* _EXERCISE DETAILS_
Your answer should hold exactly the lines below from the line with "GUM ORTHO Wax" through the line with "Funny Horror Character", both included, and no pictures at all.

* _SUPPLIED MATERIAL_

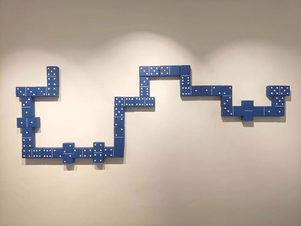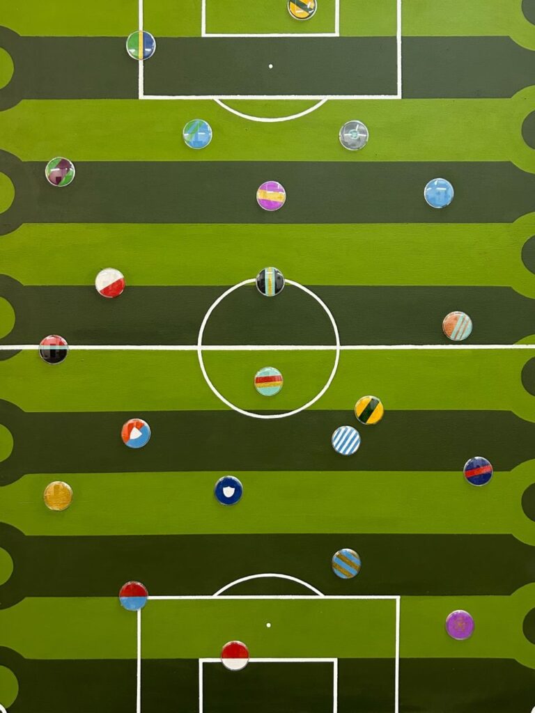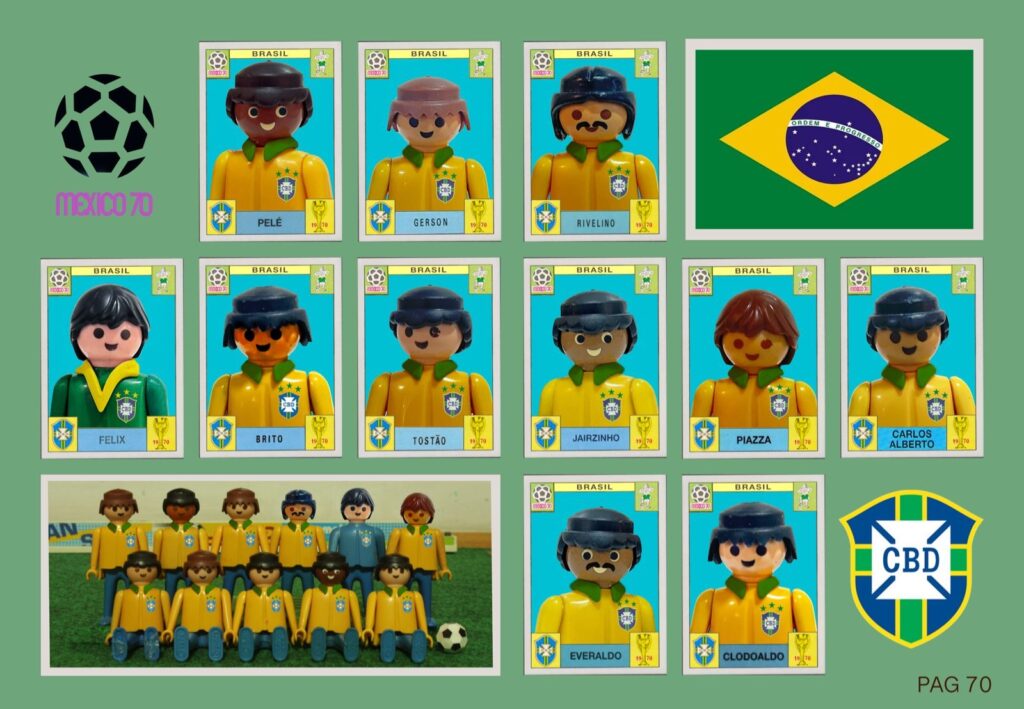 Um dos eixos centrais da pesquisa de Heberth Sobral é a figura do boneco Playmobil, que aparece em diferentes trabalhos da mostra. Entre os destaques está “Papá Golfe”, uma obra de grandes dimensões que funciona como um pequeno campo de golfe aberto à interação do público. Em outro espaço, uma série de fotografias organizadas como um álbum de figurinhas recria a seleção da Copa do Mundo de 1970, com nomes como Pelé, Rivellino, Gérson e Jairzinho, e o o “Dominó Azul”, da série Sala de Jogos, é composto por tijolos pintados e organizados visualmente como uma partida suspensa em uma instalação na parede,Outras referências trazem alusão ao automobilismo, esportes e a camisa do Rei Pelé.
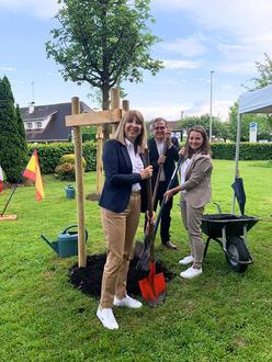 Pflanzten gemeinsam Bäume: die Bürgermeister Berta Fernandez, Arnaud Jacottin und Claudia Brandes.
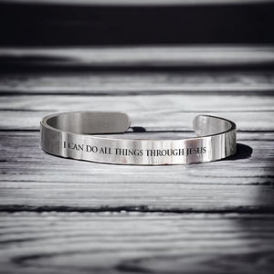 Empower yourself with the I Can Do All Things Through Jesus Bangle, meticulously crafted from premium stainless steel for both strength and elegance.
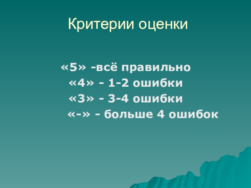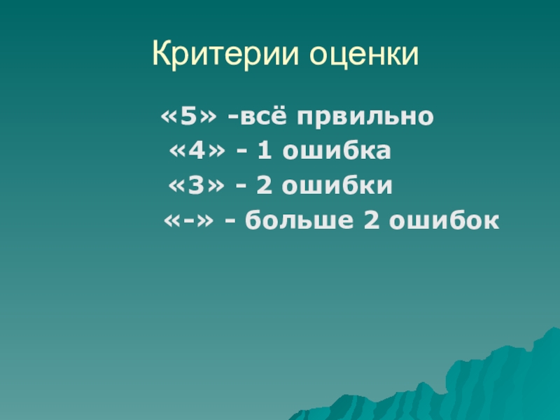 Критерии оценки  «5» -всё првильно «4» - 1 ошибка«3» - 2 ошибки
==
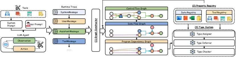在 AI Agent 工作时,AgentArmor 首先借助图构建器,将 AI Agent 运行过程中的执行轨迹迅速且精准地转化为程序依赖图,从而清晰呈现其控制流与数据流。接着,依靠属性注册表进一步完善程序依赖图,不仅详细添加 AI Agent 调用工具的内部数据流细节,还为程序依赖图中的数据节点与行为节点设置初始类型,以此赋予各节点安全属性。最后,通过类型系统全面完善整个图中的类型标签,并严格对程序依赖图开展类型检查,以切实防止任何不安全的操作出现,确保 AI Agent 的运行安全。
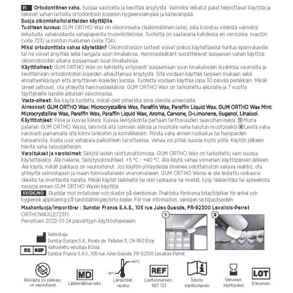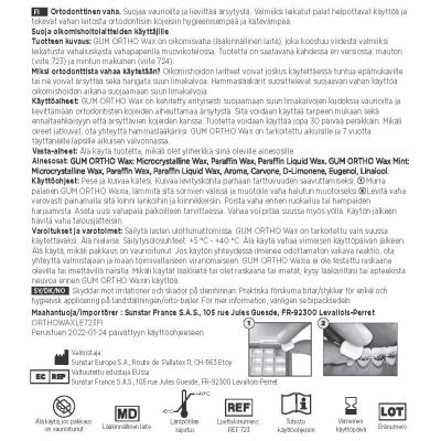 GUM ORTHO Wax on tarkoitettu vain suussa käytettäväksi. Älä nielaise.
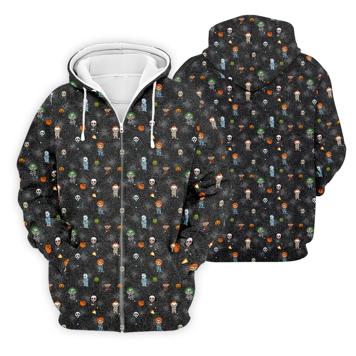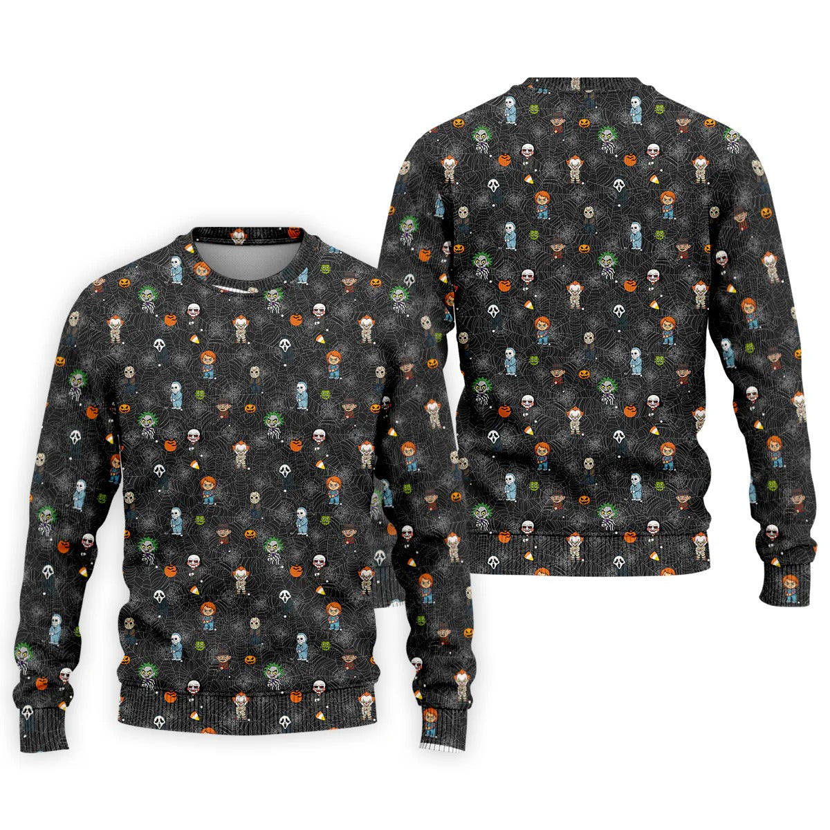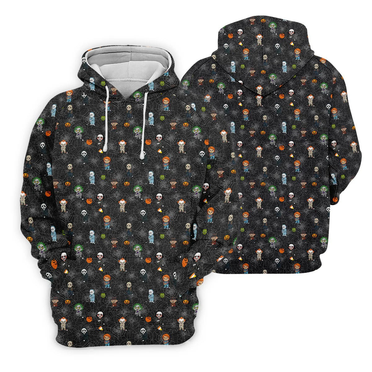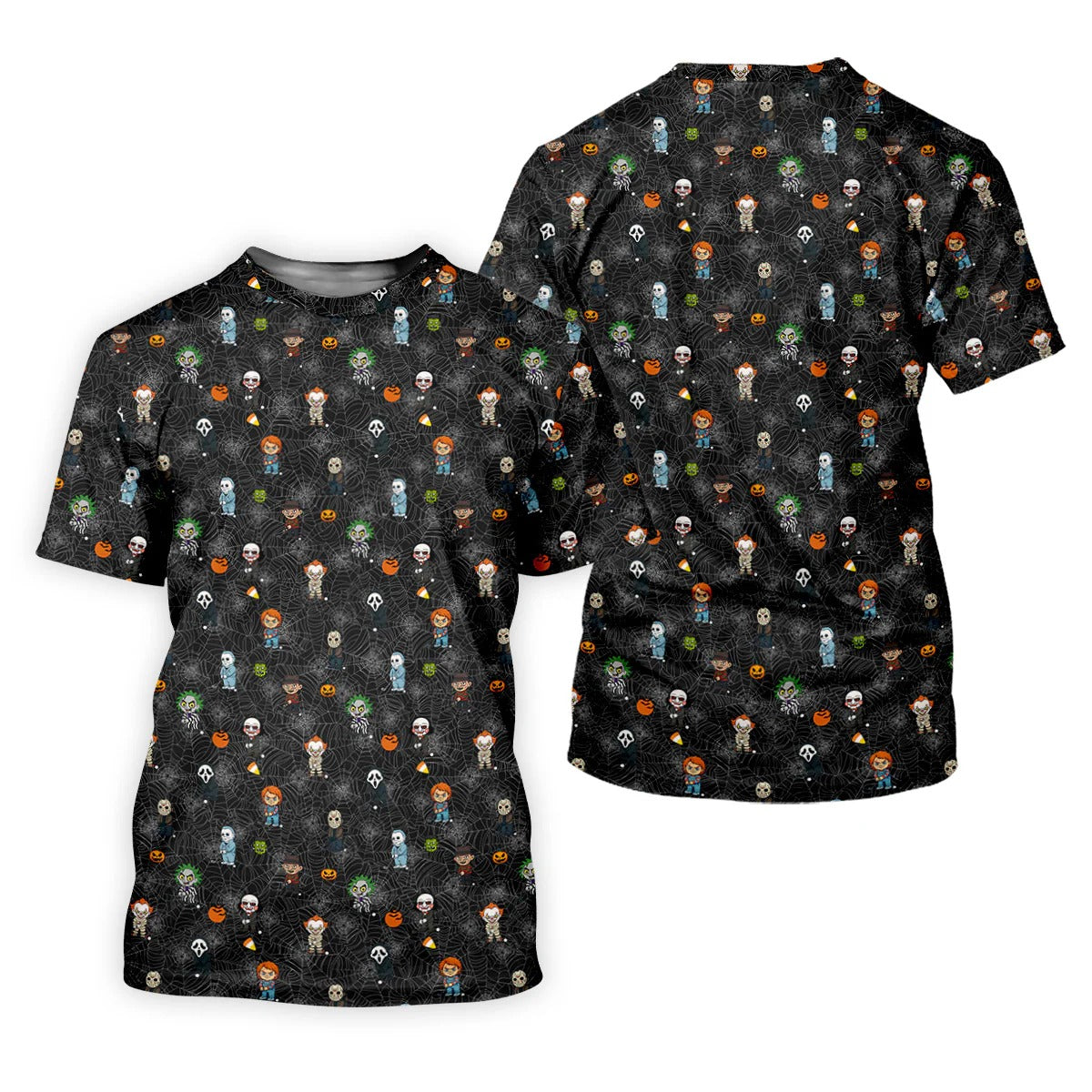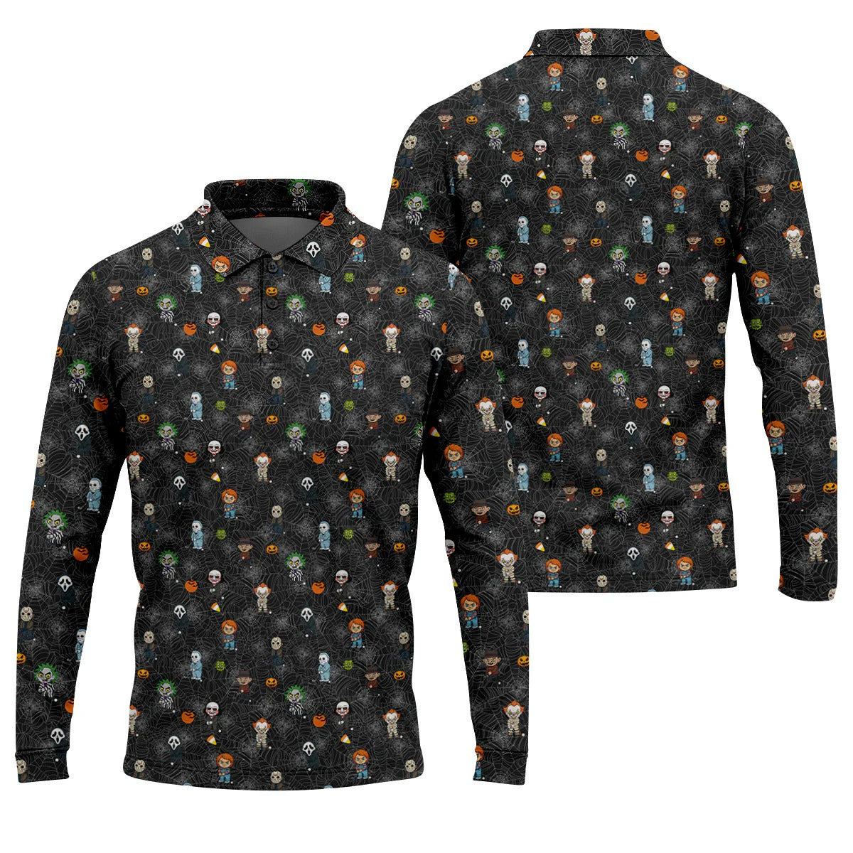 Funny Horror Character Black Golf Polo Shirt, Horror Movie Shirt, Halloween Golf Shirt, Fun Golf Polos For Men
...
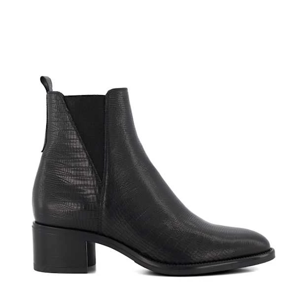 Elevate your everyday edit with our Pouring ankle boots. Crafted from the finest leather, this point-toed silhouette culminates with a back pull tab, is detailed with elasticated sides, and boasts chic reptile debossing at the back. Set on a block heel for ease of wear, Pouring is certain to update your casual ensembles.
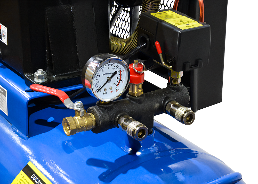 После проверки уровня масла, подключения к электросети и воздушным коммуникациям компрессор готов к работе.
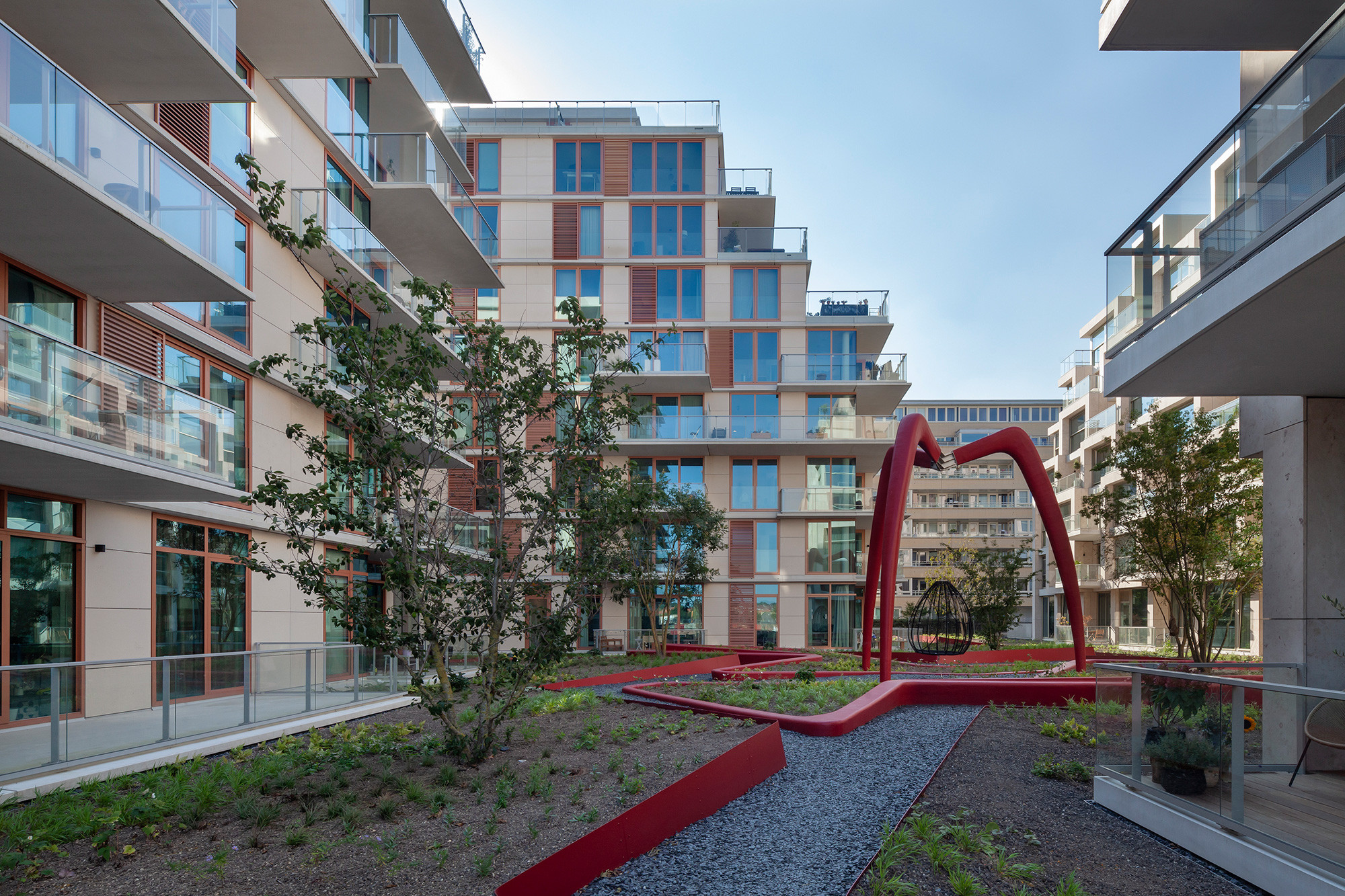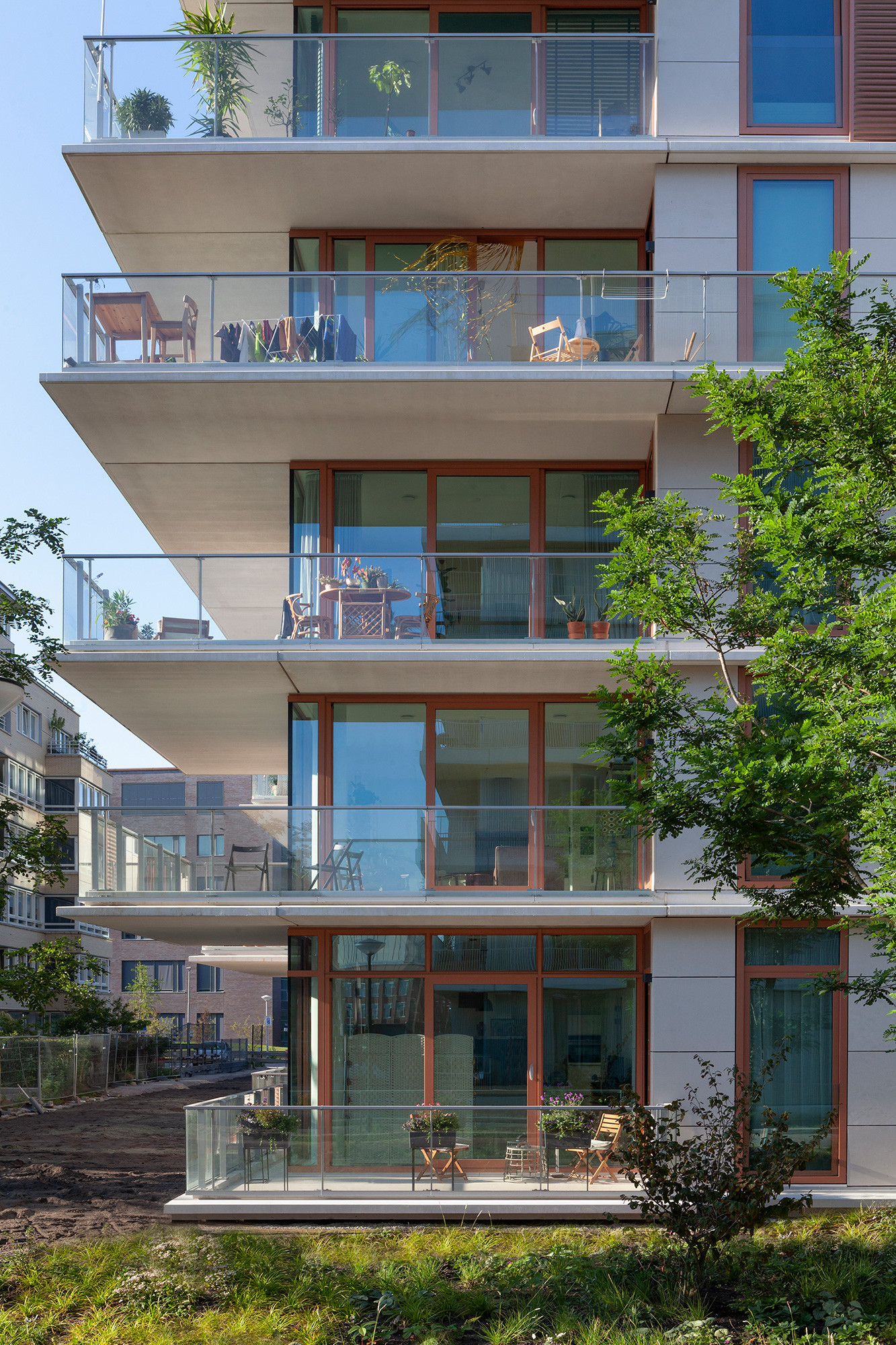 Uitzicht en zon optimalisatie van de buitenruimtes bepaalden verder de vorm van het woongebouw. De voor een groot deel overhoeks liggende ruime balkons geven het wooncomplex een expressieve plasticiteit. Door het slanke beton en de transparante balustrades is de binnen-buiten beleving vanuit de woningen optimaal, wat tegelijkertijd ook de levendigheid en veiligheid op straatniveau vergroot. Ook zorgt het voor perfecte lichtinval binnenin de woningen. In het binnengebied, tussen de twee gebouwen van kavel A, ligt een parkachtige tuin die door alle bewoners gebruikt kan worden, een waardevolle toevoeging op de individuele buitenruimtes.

* _RESULT OF THIS TASK_
 GUM ORTHO Wax on tarkoitettu vain suussa käytettäväksi. Älä nielaise.
 Funny Horror Character Black Golf Polo Shirt, Horror Movie Shirt, Halloween Golf Shirt, Fun Golf Polos For Men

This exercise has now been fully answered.